Porão. Escuridão. Loucura. Você imagina o que é viver enclausurado? Preso? Amarrado? Defecando no chão? Sendo drogado sem nem ao menos ter ideia de qual droga te oferecem? Você imagina a cama fria? As grades nas janelas?
Você imagina o tamanho da violência?
Uma. Duas. Três. Quatro. Cinco. Seis. Sete. Oito. Nove. Dez.
Esse foi o número de vezes que Helena Gayer esteve nos porões da loucura brasileira. Esse foi o número de vezes que ela esteve internada em clínicas psiquiátricas. Ou deveríamos dizer que delas foi prisioneira?
Loucos: assim chamamos a todos que têm algum transtorno que não sabemos explicar. Loucos: também usamos, corriqueiramente, para falar de qualquer pessoa que, por segundos, foge de um padrão estabelecido. Loucos? Nós que não pensamos no peso de uma palavra. Na dor que ela carrega para tantos que seguem tentando se achar em si.

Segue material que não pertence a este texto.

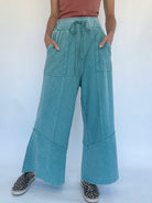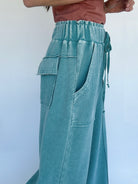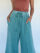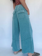 Jennie Ribbed Wide Leg Pants - Faded Teal
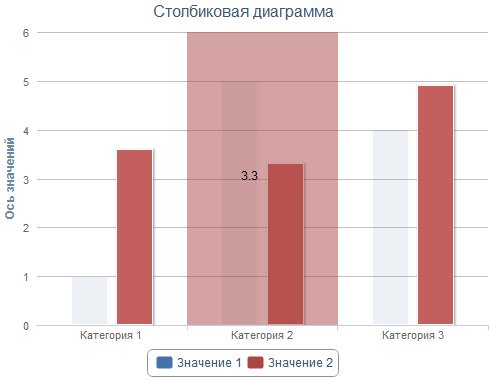 После выполнения примера для созданной диаграммы будет доступно редактирование рисованием. Для редактирования значений ряда необходимо выбрать его в легенде. После этого на диаграмме у выбранного ряда будут выделены точки, при движении курсора мыши над диаграммой будут затемнены области каждой точки ряда. Для изменения значения точки необходимо зажать левую кнопку мыши и перемещать указатель по вертикали. Не отпуская кнопки мыши, можно продолжить редактирование соседних точек. Рядом с курсором будет отражаться новое значение точки:
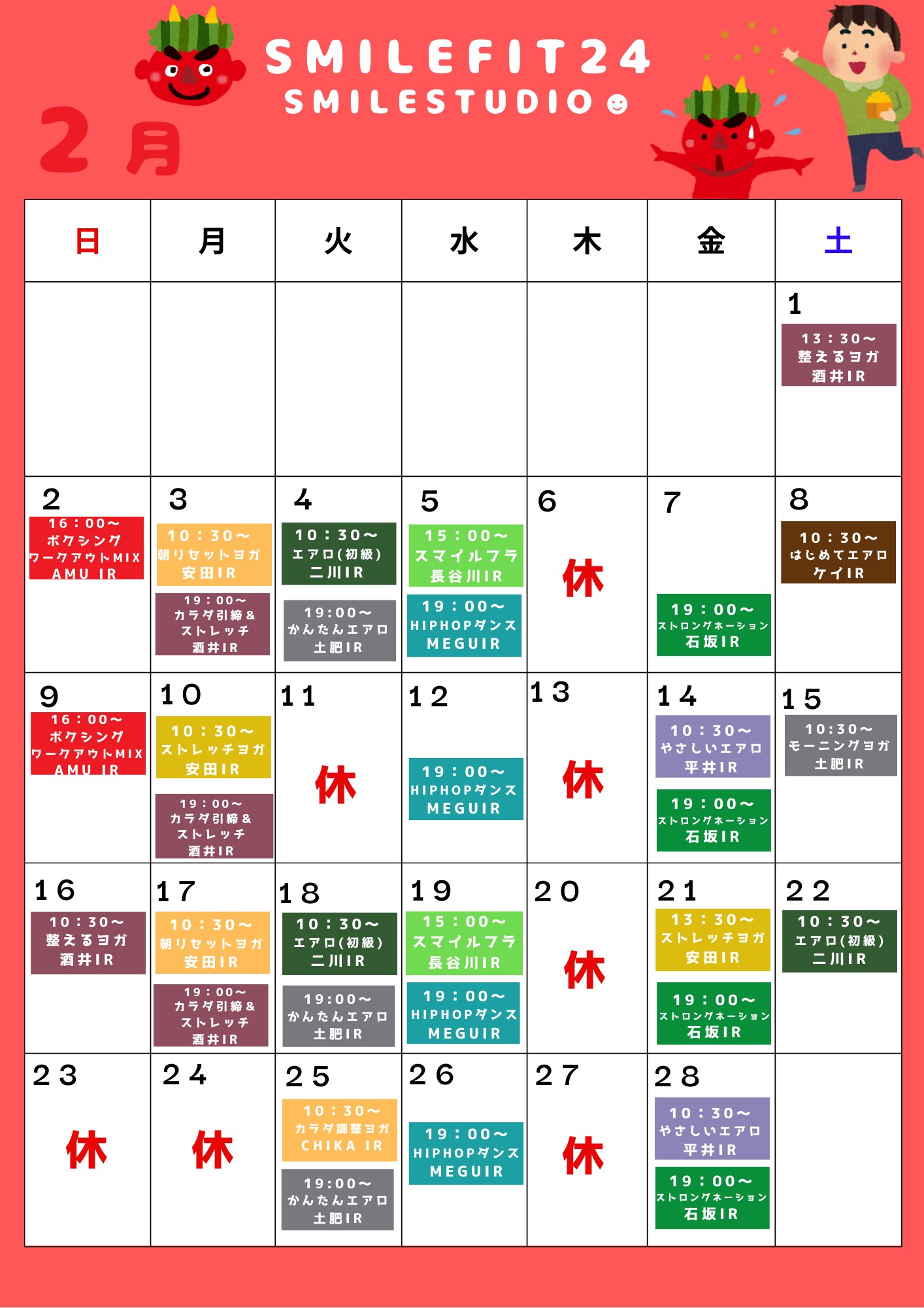 【Smilefit24メルマガ】鹿児島県産でこぽん 大将季/ 2月レッスンスケジュール公開(修正済)
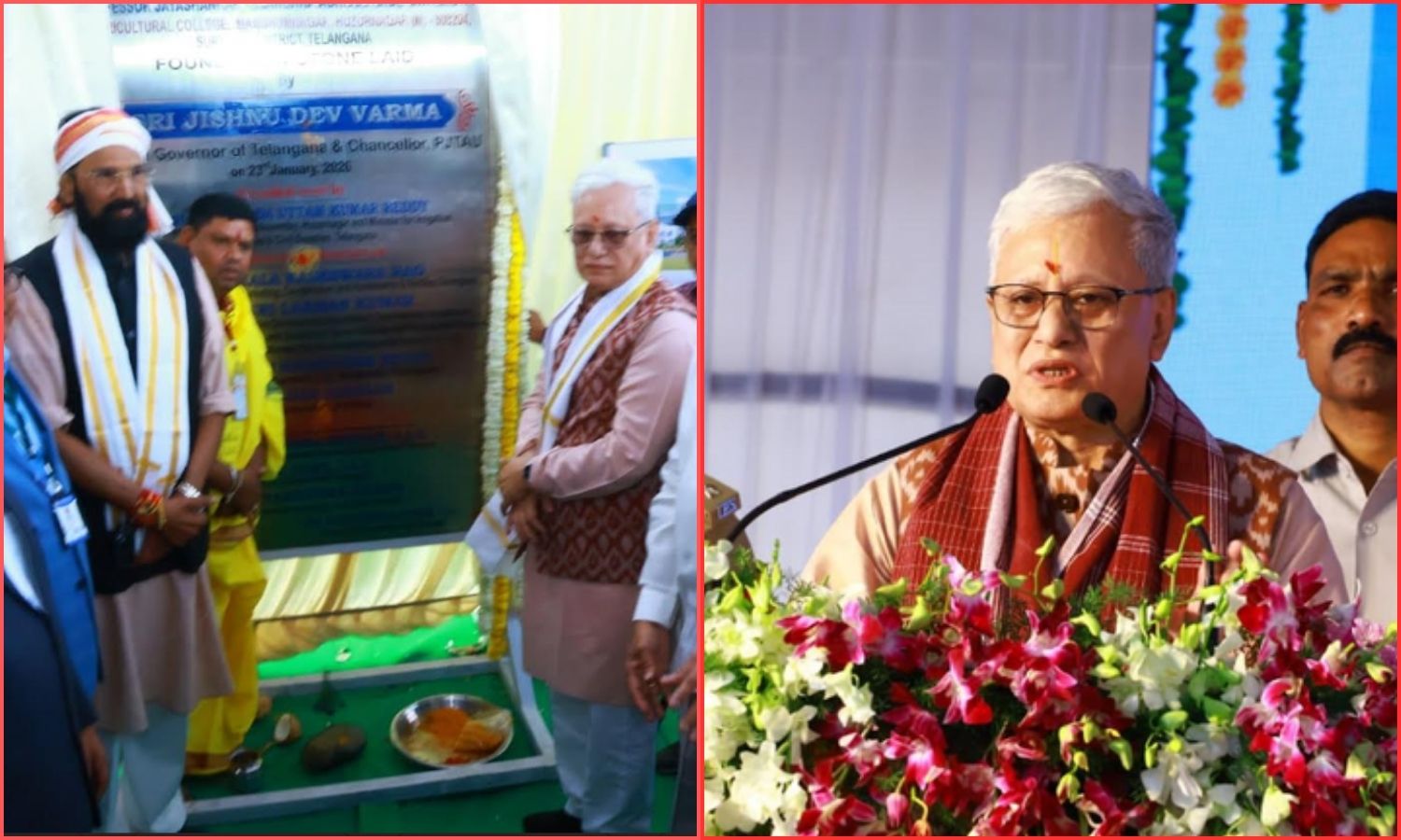 Subsequently, the Governor laid the foundation stone for an agriculture college at Mugudam Nagar near Huzurnagar. The project will cover 100 acres with an outlay of ₹150 crore.

Helena foi diagnosticada com transtorno bipolar aos 21 anos. Talvez, se você soubesse as marcas que carrega uma pessoa bipolar, não mais usaria esse transtorno como uma brincadeira clichê. Helena e as pessoas com tal transtorno não enfrentam pequenas alterações de humor ao longo do dia, algo comum a todos. Elas passam de uma fase depressiva à assintomática; de uma fase assintomática à mania. O contrário também acontece.
Depressão e mania: tristeza profunda e euforia máxima. Tristeza e euforia que cegam. O mergulho em dois extremos.
Helena conta, principalmente, sobre seus surtos de mania. A forma como vagava sozinha pela cidade, confiando em qualquer pessoa, sendo por vezes violentada. Violentada de muitas formas: por homens que viam em seu estado de confusão uma chance de transa; por religiosos que nela viam a encarnação de seus demônios; nos olhares tortos e de julgamento que desprezavam sua dor.
Helena conseguiu, com todos seus limites, no seu ritmo, dar cor e tom à vida. Ao seu modo, criou mecanismos de luta onde nós, como sociedade que se crê sã, criamos barreiras. Não desistiu da faculdade de jornalismo. Não desistiu da possibilidade de ingressar numa carreira pública. Ela conseguiu. Porém...
Quantos não conseguem?
Quantos ficam pelo caminho?
Quantos morreram nos porões dos hospitais psiquiátricos?
Quantos continuam morrendo diante de um descanso que não é só deles, dos poderosos, mas nosso, enquanto sociedade civil?
Quantos não sobrevivem para escrever um livro?
Quantos nunca serão capazes de contar suas histórias?
Acredito que, muito além de nos sensibilizar com sua história, Helena nos escreve um manifesto sobre a invisibilidade e sobre a necessidade de nos unirmos aos que lutam contra a constituição cruel e desumana dos manicômios.
Um manifesto sobre a necessidade de sermos donos de nossas próprias histórias, independente de quem somos. Um manifesto sobre a necessidade de lutarmos pelo sonho democrático de que todos também sejam, independente de quem são.
Referência.
GAYER, Helena. Me diga quem eu sou. São Paulo: Objetiva, 2017.